Die Umwandlung von CO2 in CO und von Wasser in H2 stellt für sich betrachtet bereits einen Energiespeicher zur Verfügung. Das primäre Ziel des Rheticus-Verfahrens ist jedoch die Nutzung des Synthesegases in einem Bioreaktor zur kostengünstigen und nachhaltigen Herstellung von Spezialchemikalien, die heute noch oftmals mithilfe von Erdöl oder Erdgas hergestellt werden. Jetzt kann für viele dieser Chemikalien CO2 als Rohstoff eingesetzt werden. „Das Verfahren hilft nicht nur, das Kohlendioxid in der Atmosphäre zu reduzieren, sondern auch, die Abhängigkeit von fossilen Brennstoffen zu verringern“, sagt Karl-Josef Kuhn, Leiter von Technology Field Power-to-X und Storage bei Siemens Energy. „Und noch besser: Das System ist für die Industrie je nach Bedarf skalierbar.“
Vielfältig nachhaltig
Der Elektrolyseur von Siemens Energy wandelt CO2 und Wasser in Kohlenmonoxid (CO) und Wasserstoff (H2) um.
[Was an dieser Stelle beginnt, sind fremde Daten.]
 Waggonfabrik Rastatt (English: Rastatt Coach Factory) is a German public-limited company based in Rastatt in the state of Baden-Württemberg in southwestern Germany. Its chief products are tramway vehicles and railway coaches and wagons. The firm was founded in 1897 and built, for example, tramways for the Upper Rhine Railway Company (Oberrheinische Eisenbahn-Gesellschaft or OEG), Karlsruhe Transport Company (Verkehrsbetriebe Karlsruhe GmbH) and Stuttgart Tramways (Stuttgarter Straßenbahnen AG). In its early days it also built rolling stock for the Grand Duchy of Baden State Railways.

Erreicht wird dies durch 10 Elektrolysezellen mit einer Gesamtleistung von rund 25 KW. Das aus CO und H2 bestehende Synthesegas strömt dann in den Bioreaktor von Evonik mit einem Fassungsvermögen von 2.000 Litern. Dort wird es von zwei Arten von Clostridien-Bakterien in Butanol und Hexanol umgewandelt. Beide Produkte werden unter anderem für Spezialkunststoffe oder Nahrungsergänzungsmittel verwendet. Käme es zu einem Stromausfall, könnte der Prozess noch mehrere Stunden weiterlaufen.
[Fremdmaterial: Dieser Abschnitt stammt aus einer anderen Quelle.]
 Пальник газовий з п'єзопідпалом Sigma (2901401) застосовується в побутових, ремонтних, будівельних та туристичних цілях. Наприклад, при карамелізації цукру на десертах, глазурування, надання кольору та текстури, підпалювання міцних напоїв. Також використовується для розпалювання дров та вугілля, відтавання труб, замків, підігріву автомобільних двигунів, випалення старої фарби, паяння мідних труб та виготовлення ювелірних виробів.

Das Verfahren ist in mehr als einer Hinsicht nachhaltig. Grüner Strom für den Elektrolyseur sorgt dafür, dass die Energiequelle selbst CO2-frei ist. Siemens Energy und Evonik haben berechnet, dass eine Anlage, die jährlich 10.000 Tonnen Hexanol und Butanol produziert, 25,5 Megawatt Leistung benötigt. Je nach Standort, Witterungsbedingungen und Art der installierten Photovoltaik entspricht dies in Deutschland dem jährlichen Energieertrag einer Solaranlage auf einer Fläche von 0,15 Quadratkilometern. Zum Vergleich: Nach Schätzungen produzierten alle Photovoltaikanlagen weltweit 2019 635 Gigawatt, Deutschland 49 GW. Aber selbst, wenn der Elektrolyseur nur zur Energiespeicherung eingesetzt werden würde, kann er immer noch zur Stabilisierung der Stromnetze beitragen.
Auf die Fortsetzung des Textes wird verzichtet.